Skin and mucosal toxic effects of the soluble form of doxorubicin include generalized alopecia and mucositis of varying severity.9 Hand-foot syndrome has been reported with doxorubicin, especially when administered as a protracted continuous infusion.10 Other adverse effects include extravasation injuries and recall phenomena, ie, the exacerbation of past physical injuries in the absence of the provoking agent, such as sunburn or radiodermatitis.11
Doxil is associated with a wider range of toxic effects to the skin, some shared by the nonencapsulated drug and some unique to the encapsulated form. The most common effect is the HF syndrome, which is more pronounced, frequent, and disabling with short dose intervals (<4 weeks).12 Cumulative damage seems to occur with repeated courses, and the time to resolution is prolonged, enforcing treatment delays and reduced dose intensity. In extreme cases, patients became crippled by diffuse epidermolysis of the soles. We observed some degree of HF syndrome in as many as one third of patients, a ratio much above that reported for soluble doxorubicin. Because of the variations in dose and schedule in our patient population, this study cannot give an accurate estimate of the incidence of HF syndrome for a particular Doxil regimen. However, at comparable dose intensities, these results are consistent with the incidence reported by Ranson et al13 and Muggia et al.3 With other liposome formulations of shorter circulation time, no HF syndrome has been reported.14
We coined the term intertrigolike dermatitis to discriminate skin lesions that may have resulted from the same mechanism of HF syndrome but definitely constitute a separate morphologic entity. Other authors have observed similar reactions.13
The diffuse follicular rash and the intertrigolike eruptions are not mentioned among common skin eruptions due to doxorubicin or any other chemotherapeutic agents.15 Although the follicular rash is mostly asymptomatic, the intertrigolike toxic effect to the skin is most disturbing.
Accelerated formation of nevi was reported in children who had received chemotherapy for hematologic malignant neoplasms.16 We suggest that some melanotic macules observed herein, which now represent melanocytic hyperplasia, may develop into melanocytic nevi.
Interestingly, alopecia, which is the rule for patients receiving doxorubicin, was not observed in our patients.
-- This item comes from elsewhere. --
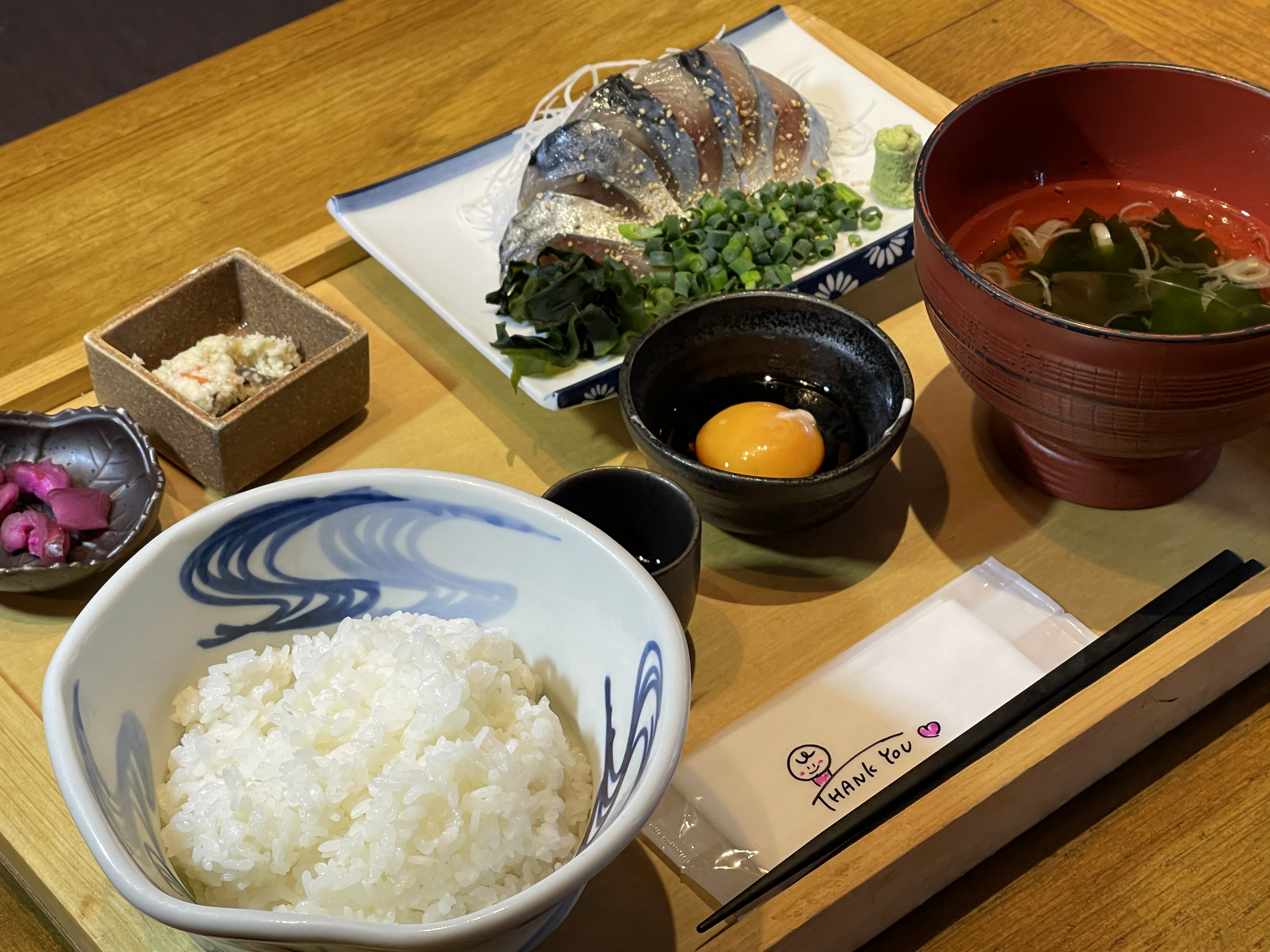 注文してすぐに全品が並び、唐揚げは、大きく柔らかい鶏肉4 個と山盛りの柔らかなキャベツ、ご飯とすまし汁、小鉢と漬物、そしてりんご酢が添えられています。ごまサバは、新鮮で厚みがある切り身に卵とタレが絶妙に合います。

Likewise, Doxil did not cause extravasation injuries. In fact, liposome encapsulation protects patients from the vesicant action of doxorubicin.17
The rapid turnover rate of keratinocytes makes these cells most susceptible to cytotoxic damage induced by chemotherapy.18 The pattern of damage is dictated not only by the inflicting drug but also by the method of administration. Compared with doxorubicin, Doxil has an extremely long circulation time, and it preferably localizes in the skin and deposits a substantial fraction of the administered drug there.19 Inflamed skin is especially susceptible to liposome localization, as was demonstrated in a murine model of psoriatic lesions.20 The palms, soles, and areas of repeated friction or trauma apparently achieve increased concentrations of Doxil as a result of the rich capillary network at their thickened papillary dermis and increased blood flow. The increased concentrations of the drug damage the skin, as does the protracted in situ slow-release effect. Another analogous example is fluorouracil. Its rapid intravenous infusion is associated mainly with mucositis and conjunctivitis, whereas continuous intravenous infusions are associated with significant HF syndrome.21
Treatment of HF syndrome is mainly palliative and consists of wet dressings and emollient creams. Medium- and high-potency topical corticosteroids have proven to be of little value.
The profile of toxic effects of Doxil to the skin reflects its unique pharmacokinetics and tissue distribution. Although the soluble and the liposomal formulations contain doxorubicin as their active component, their toxicities are those of 2 different drugs.
Accepted for publication July 23, 2000.